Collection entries
++++++

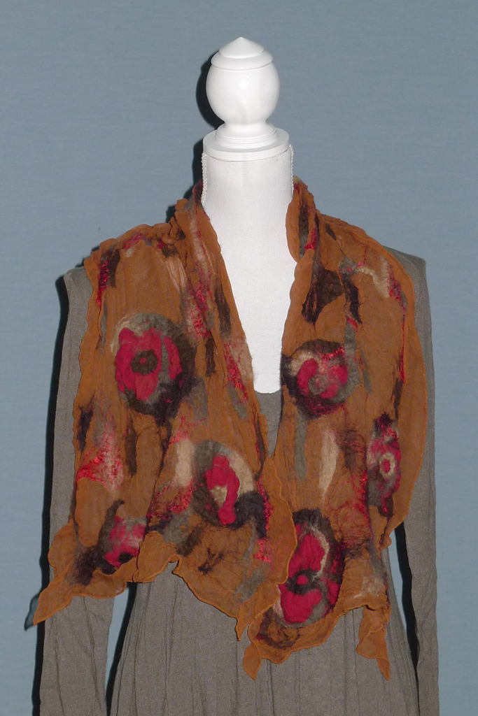 Lichtbruine sjaal, met bruine wol opgevilt. Tussen de wol zitten ook highlits van rood zijde.
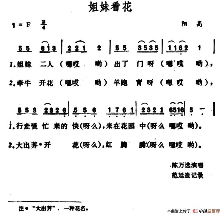 作曲:山西 阳高小调 来源:《中国曲谱网》 上传:秋叶起舞
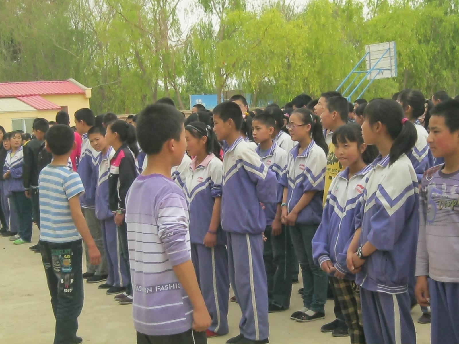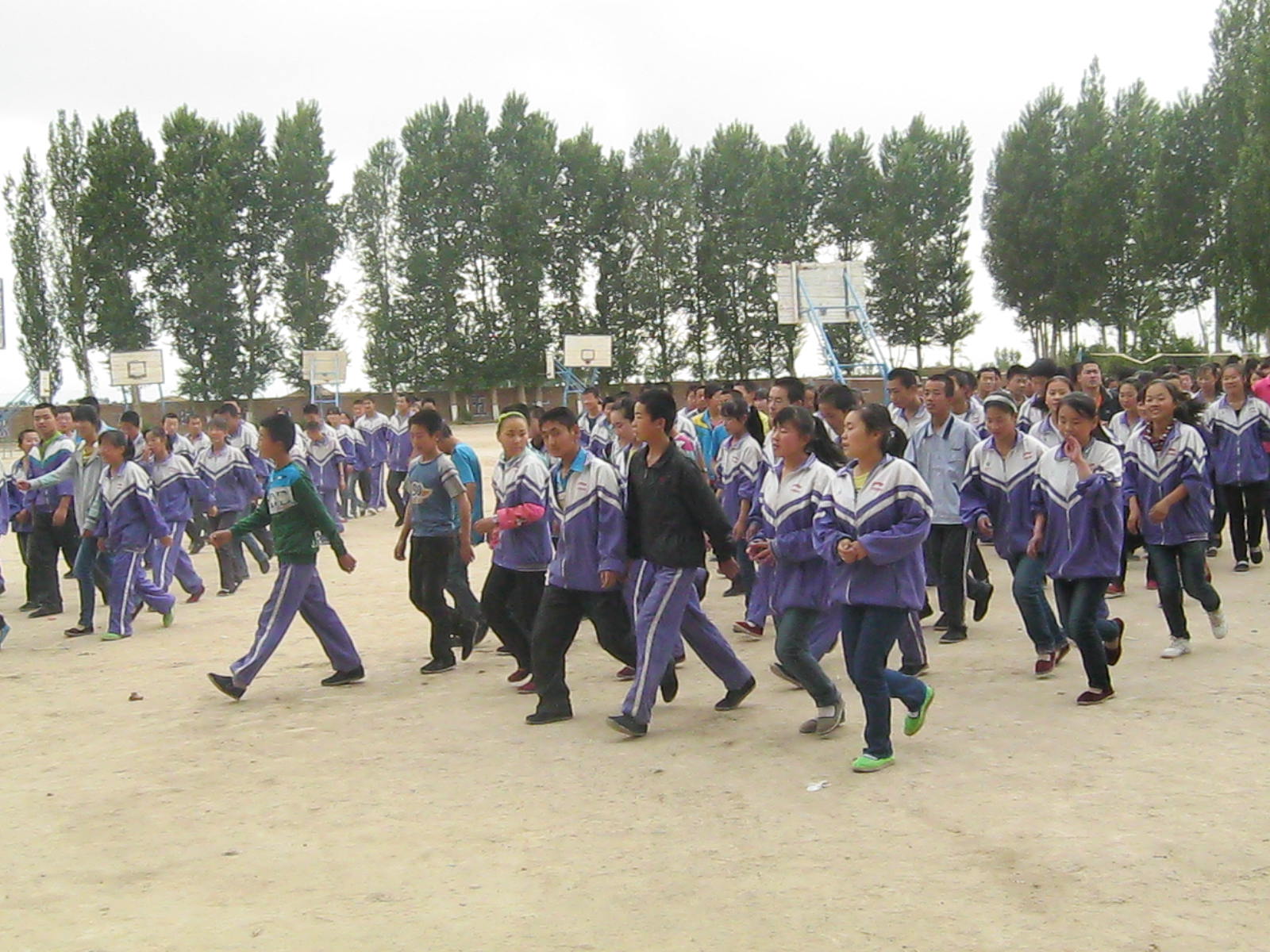看, 同学们站在操场上,队长正在整队。认真的听着校领导讲话。校领导说这次演练举办的很成功,希望我们以后能充分地理解灾难,用正确的方法对待。
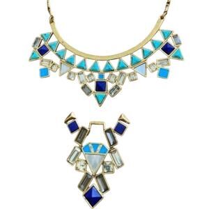 Stella & Dot Blue Navy Turquoise White Gold Tone Mosaic Stone Tile Detachable Pendant Necklace
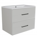 Тумбы под раковины Вилис (Valleri) шириной 65 и 80 см. Пенал имеет 1 створку и 2 выдвижных ящика. Направляющие – скрытого монтажа с доводчиком. Цвет внутри – белый/дуб Интра. Для серии доступны черные опоры (арт. 558851).
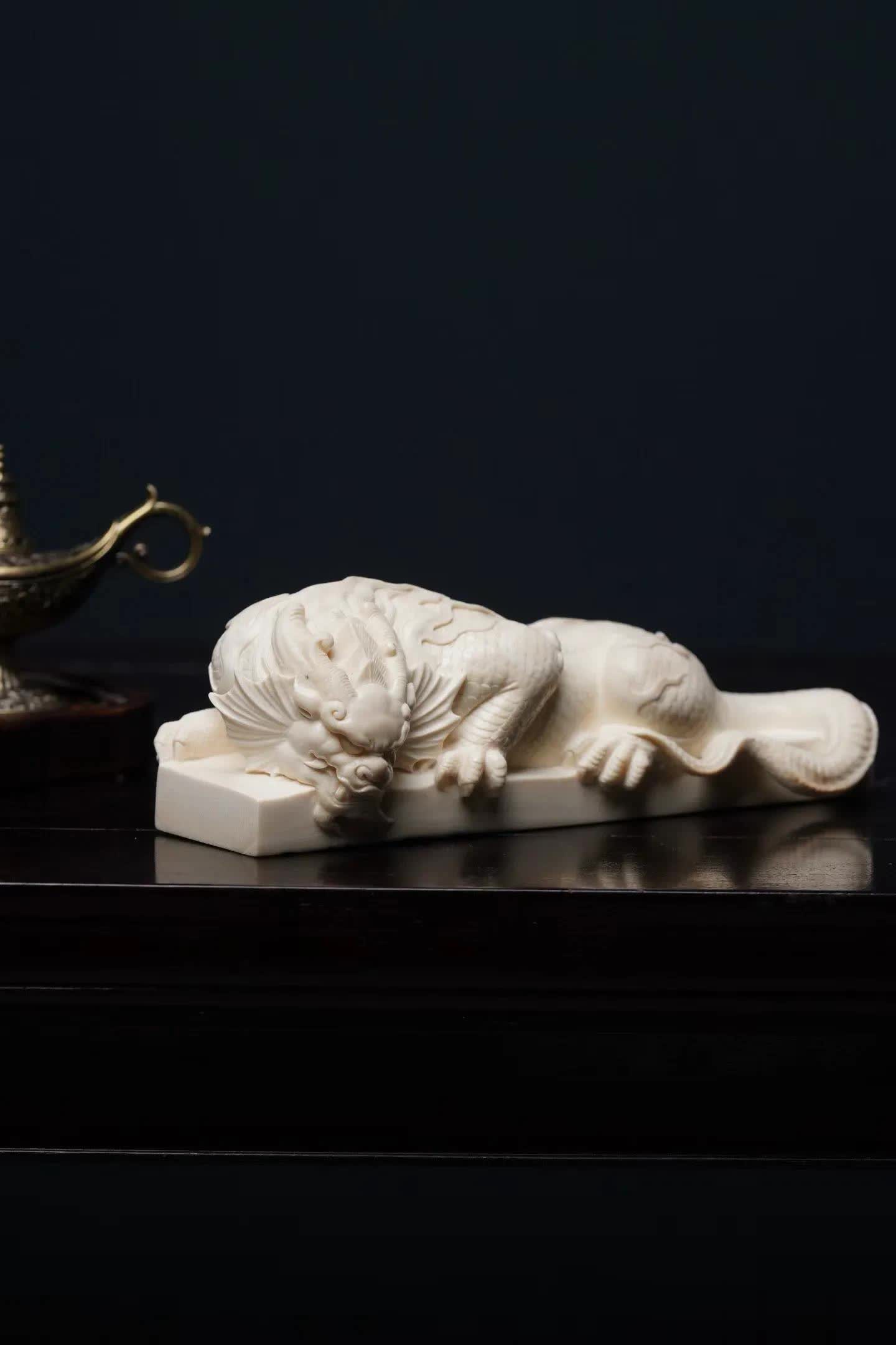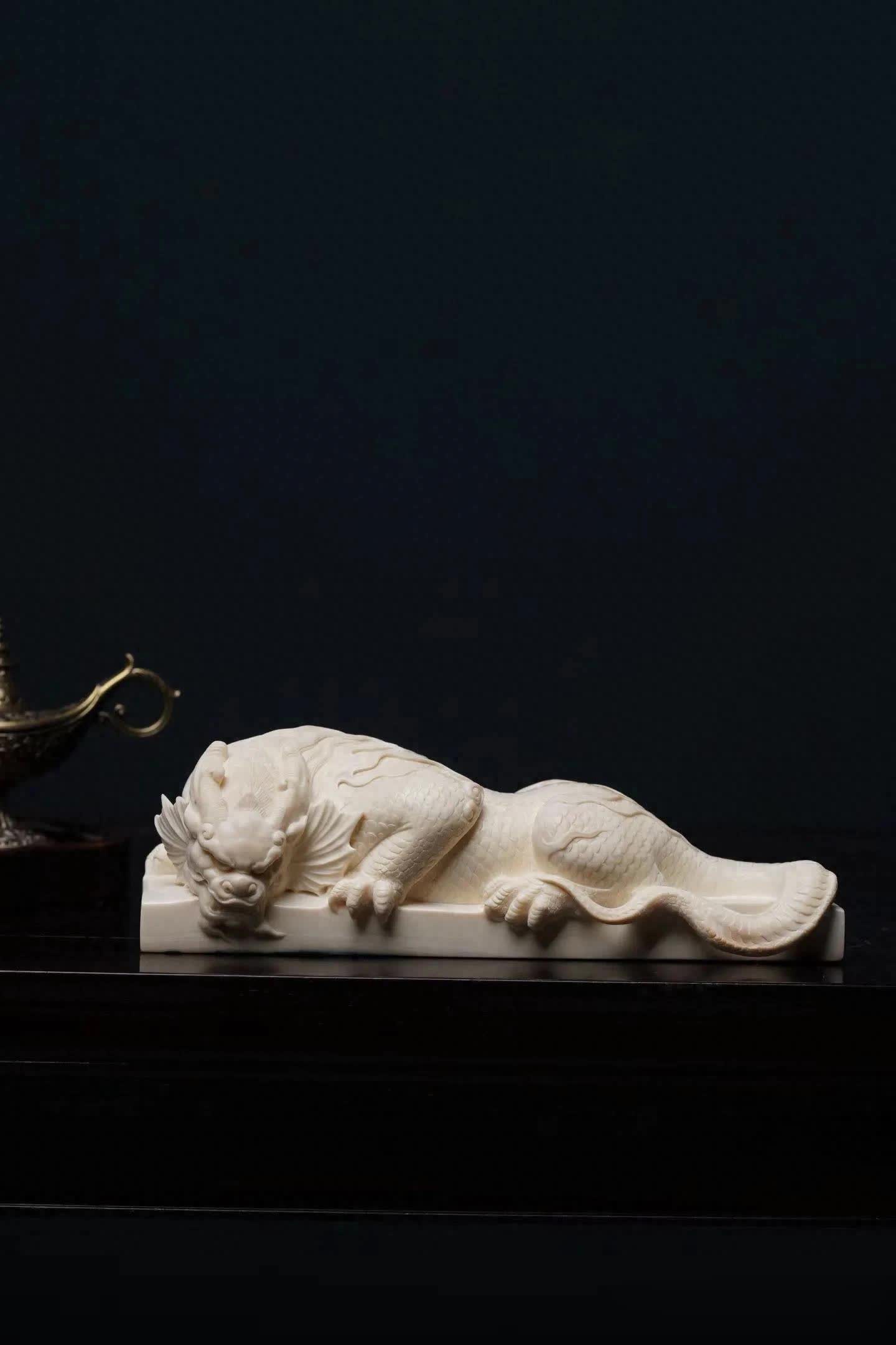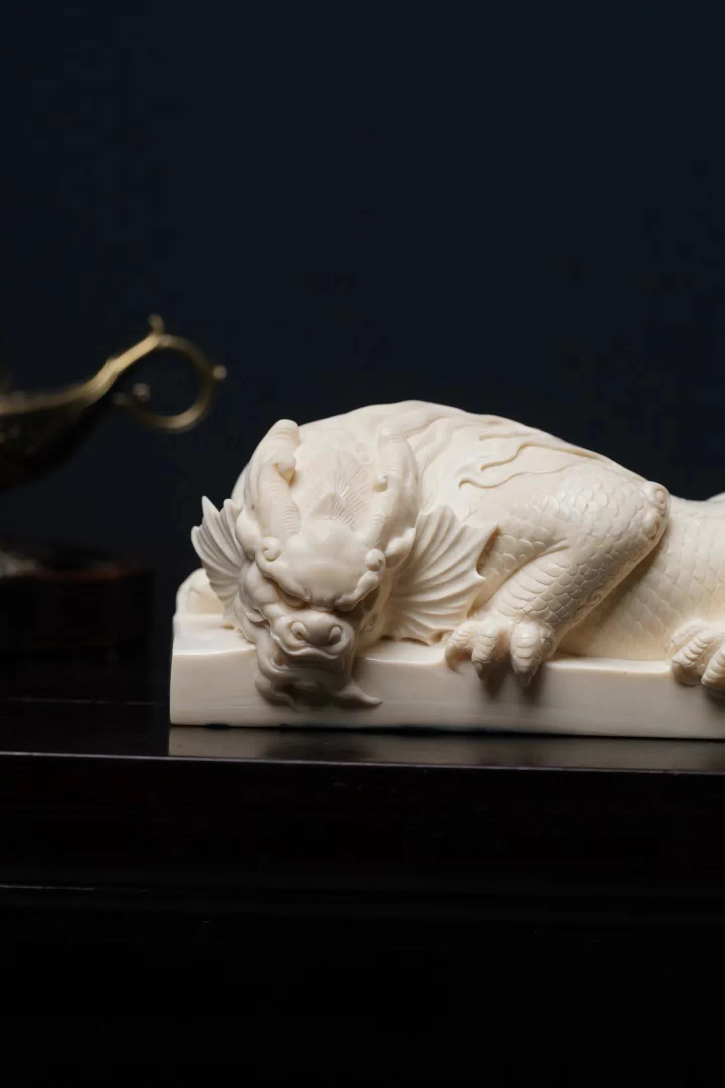 在中国传统瑞兽文化中,龙生九子开云体育,各有所司。其中有一种与水计划的神兽——蚣蝮,又被称为“避水兽”。古东说念主服气它能镇水御灾,因此在成就、器物和雕镂中常能见到它的身影。 这件作品以猛犸象牙手工雕镂而成。牙质空洞温润,色泽洁净柔软,在明后下呈现出一种柔软而舒畅的质感。整件作品通体一体雕成,质感白皙,显得额外淡雅。 从造型上看,避水兽仰卧于长形底座之上。头生小角,情愫威严而千里稳;前爪紧扣基座,仿佛随时蓄势而动。形体修长,背部龙鳞层层铺展,纹理明晰精致。尾部当然延展,酿成一种流动的线条节拍,
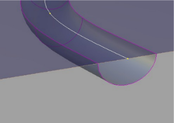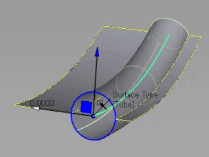 激活的控制柄将显示为浅蓝色。轨道滑块是沿轨道滑动的“球”,用于指示半径在轨道上的应用位置。半径控制柄是未来曲面的一个近似横断面,用于控制该点的半径。
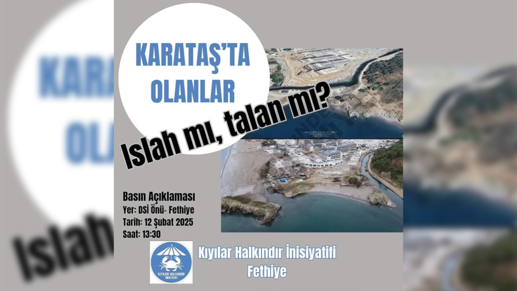 Kıyılar Halkındır Fethiye İnisiyatifi, “Karataş’ta olanlar ıslah mı talan mı?” sorusuyla yarın (12 Şubat) saat 13.30’da Fethiye’de Cahit Gündüz Caddesi’nde bulunan Devlet Su İşleri önünde yapacakları basın açıklaması için çağrıda bulundu.
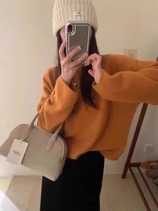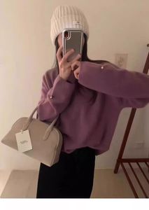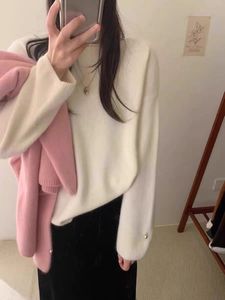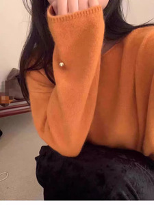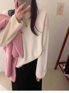 2025新款女式100%纯羊毛衫圆领长袖套头毛衣宽松慵懒范针织衫打底
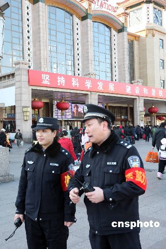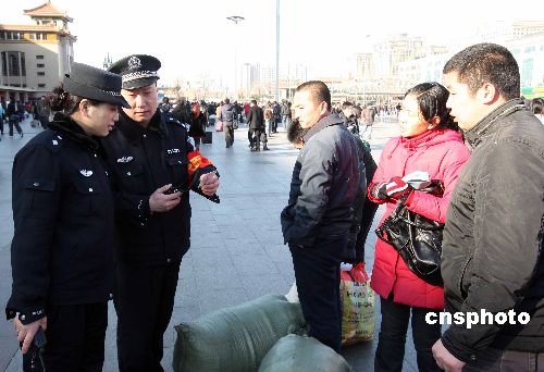1月11日,2009年春運正式開始,北京警方啟動“服務旅客、平安春運”活動,為旅客發放安全提示卡,張貼海報介紹購票、乘車等出行注意事項,確保市民度過一個安全、快樂的春節。中新社發 任海霞 攝

++++++

§ **Problem to solve**: Output the data above exactly, beginning at its first line and ending with the line that holds "激活的控制柄将显示为浅蓝色。". Leave out the pictures and add nothing.

§ **Exercise response**:
 Lichtbruine sjaal, met bruine wol opgevilt. Tussen de wol zitten ook highlits van rood zijde.
 作曲:山西 阳高小调 来源:《中国曲谱网》 上传:秋叶起舞
看, 同学们站在操场上,队长正在整队。认真的听着校领导讲话。校领导说这次演练举办的很成功,希望我们以后能充分地理解灾难,用正确的方法对待。
 Stella & Dot Blue Navy Turquoise White Gold Tone Mosaic Stone Tile Detachable Pendant Necklace
 Тумбы под раковины Вилис (Valleri) шириной 65 и 80 см. Пенал имеет 1 створку и 2 выдвижных ящика. Направляющие – скрытого монтажа с доводчиком. Цвет внутри – белый/дуб Интра. Для серии доступны черные опоры (арт. 558851).
 在中国传统瑞兽文化中,龙生九子开云体育,各有所司。其中有一种与水计划的神兽——蚣蝮,又被称为“避水兽”。古东说念主服气它能镇水御灾,因此在成就、器物和雕镂中常能见到它的身影。 这件作品以猛犸象牙手工雕镂而成。牙质空洞温润,色泽洁净柔软,在明后下呈现出一种柔软而舒畅的质感。整件作品通体一体雕成,质感白皙,显得额外淡雅。 从造型上看,避水兽仰卧于长形底座之上。头生小角,情愫威严而千里稳;前爪紧扣基座,仿佛随时蓄势而动。形体修长,背部龙鳞层层铺展,纹理明晰精致。尾部当然延展,酿成一种流动的线条节拍,
 激活的控制柄将显示为浅蓝色。轨道滑块是沿轨道滑动的“球”,用于指示半径在轨道上的应用位置。半径控制柄是未来曲面的一个近似横断面,用于控制该点的半径。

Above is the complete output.